We live in a world in which corporations hope to create designer customers
who are offered one-size-fits-all products to make them into corporate engines
of wealth. Today, the customer is the last resource on earth that is not
totally controlled and exploited. Customers who ask questions concerning quality,
safety and especially sound science are the only formidable barrier
remaining to corporate world control.
The July 12th ruling of the International Court of Justice in Luxembourg
followed the July 4th Rome meeting of Codex when the 85 countries present
ratified these restrictive guidelines for dietary supplements. Canada and the USA
were among them. Objections from China and South Africa were ignored. Just as
in the original 2001 version, the current guidelines, under Article 6 (2) of
the EU Directive, strictly prohibit information about diseases being treatable
by nutrients and call for future supplement dosage restrictions. Conspiracy?

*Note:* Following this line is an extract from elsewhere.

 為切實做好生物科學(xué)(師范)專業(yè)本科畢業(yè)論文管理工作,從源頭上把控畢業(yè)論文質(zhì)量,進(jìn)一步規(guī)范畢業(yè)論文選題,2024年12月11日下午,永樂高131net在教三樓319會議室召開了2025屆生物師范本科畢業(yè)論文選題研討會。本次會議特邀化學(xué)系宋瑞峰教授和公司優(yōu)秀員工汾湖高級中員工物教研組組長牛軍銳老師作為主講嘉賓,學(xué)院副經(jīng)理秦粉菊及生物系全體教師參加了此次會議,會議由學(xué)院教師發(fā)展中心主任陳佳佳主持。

No way! To borrow a phrase by Moynihan and Cassels about Big Pharma's
tactics in general: "This is daylight robbery."
Eight days after the Rome meeting, the International Court of Justice handed
down a ruling that surprised everyone. The judges conceded that EU countries
were free to have a law that regulated production and trade in dietary
supplements, namely the EU Directive, which also forms the basis of the
international Codex guidelines. However, the judges agreed with the Advocate General
Justice Geelhoed who had in April put his finger on a sore spot and observed
that there was a rather odd "preference for the inorganic forms [of vitamins]

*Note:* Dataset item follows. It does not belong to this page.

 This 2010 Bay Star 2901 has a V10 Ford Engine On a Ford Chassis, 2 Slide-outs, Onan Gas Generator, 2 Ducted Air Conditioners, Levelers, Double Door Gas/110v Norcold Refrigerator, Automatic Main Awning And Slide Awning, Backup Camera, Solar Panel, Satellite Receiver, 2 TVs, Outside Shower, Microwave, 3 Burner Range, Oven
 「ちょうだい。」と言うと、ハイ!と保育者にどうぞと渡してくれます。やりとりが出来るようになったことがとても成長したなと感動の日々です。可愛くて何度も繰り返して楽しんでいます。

which results in unjustifiable and disproportionate exclusion of their natural
forms, which are, nevertheless, common in the normal diet and generally
better tolerated by the body." Justice Geelhoed had also noted that the Directive
requires completely unnecessary toxicity studies: "It would be odd to start
the evaluation procedure [of all supplements according to risk assessment
principles used for toxins and synthetic drugs] from zero again, when it is
clear that the products concerned have already undergone [tests] establishing
safety and bioavailability [which should be used] as the existing evaluations as
a starting point."
2005 was a close call: had the Alliance for Natural Health not appealed to
the EU Advocate and then proceeded to the International Court of Justice,
Europe would have been the first vast area virtually under complete Big Pharma
control. Most vitamins and minerals would have been banned from the European
market on August 1 this year, some to return at exorbitant prices after Big
Pharma had identified and created patented synthetic analogs.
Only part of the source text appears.